I really don't understand the obsession with mqa. It is something that every music lover should want to torch with holy water. Repeatedly. And then napalm. Best analogy I can find are car manufacturers charging a monthly fee for seat warmers. It is that imbecile, dystopian and will hopefully end the same way.
 
" the words of the prophets are written on the subway walk"
On this subject If they say enough times someone might actually believe it.
I spoke of influence in the thread on long term loans. perhaps there is some of that influence being used in the MQA arena?
things that make you go hmmmm!
 
" the words of the prophets are written on the subway walk"
On this subject If they say enough times someone might actually believe it.
I spoke of influence in the thread on long term loans. perhaps there is some of that influence being used in the MQA arena?
things that make you go hmmmm!

Not with me. I have never been paid by MQA.

When you and Chris drive back through Atlanta, let me know and I can play some files with and without MQA encoding the demonstrate the sonic improvements from Stuart's filtering.
 
We have lossless, perfectly usable formats available.

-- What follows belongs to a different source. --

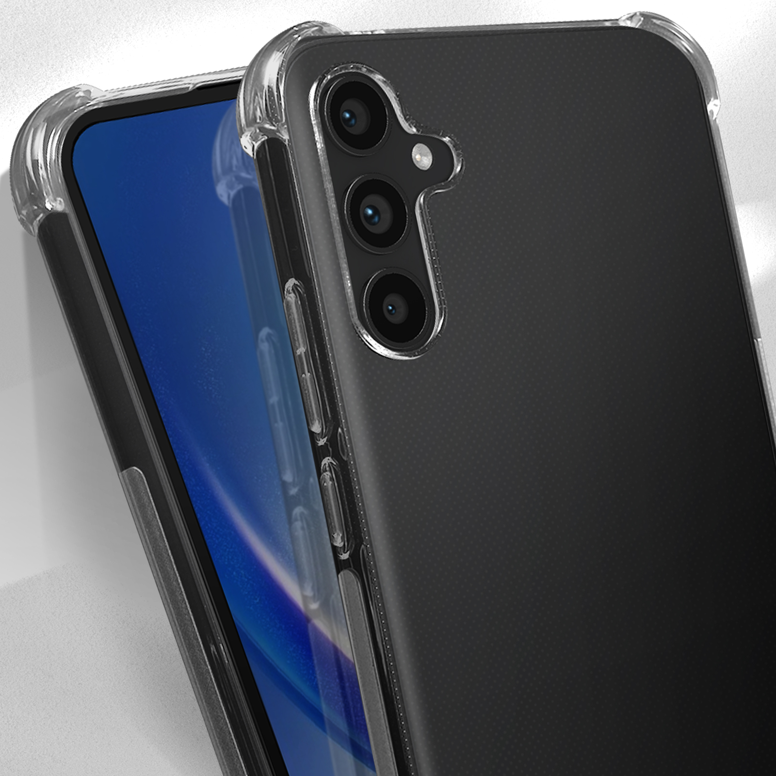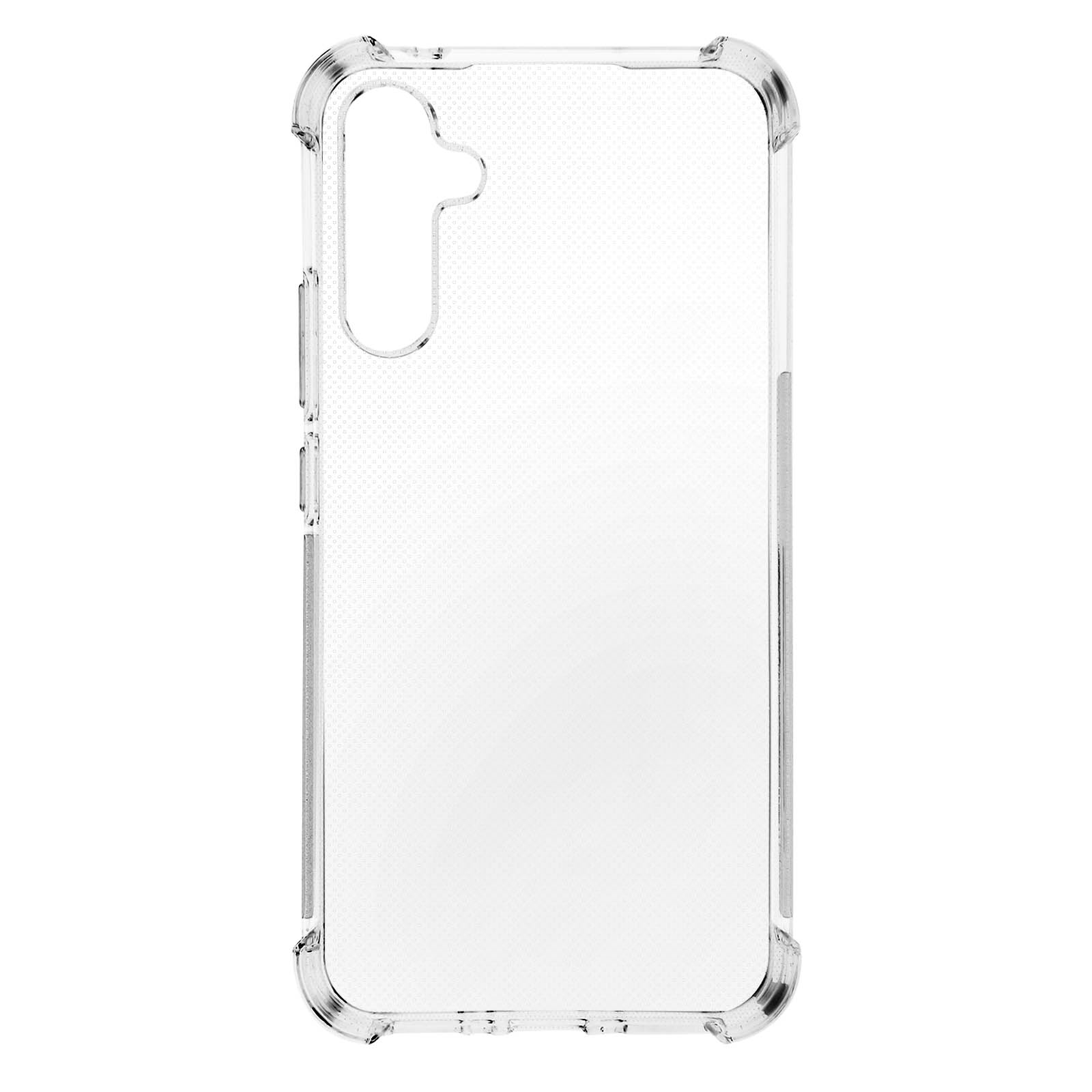 Coque pour Samsung Galaxy A34 5G. Élaborée en silicone gel souple. Coins renforcés pour une meilleure absorption des chocs. Dos transparent. Design léger pour une prise en main aisée et un rangement facile. Fonctionnalités accessibles.

We don't want a closed format to distribute or produce our music.
We don't want black box solutions that obviously (from day one) relied on impossible claims.
We don't want technical impositions on our DACs that are not transparent for both manufacturers and consumers.
We don't want people running that format, or part of the chain of music production and reproduction that are not accountable for lying publicly and make a living by charging for a product based on false premises.
We don't need prophets preaching at every corner that they heard the light, something only they can do because the mystery godsend Peter McGrath's files are not public. Of course if you pleebs haven't heard them you can't disagree with my opinion from an informed position. Of course Peter would never add a bit of sparkle to what are essentially marketing files just to tip the scale.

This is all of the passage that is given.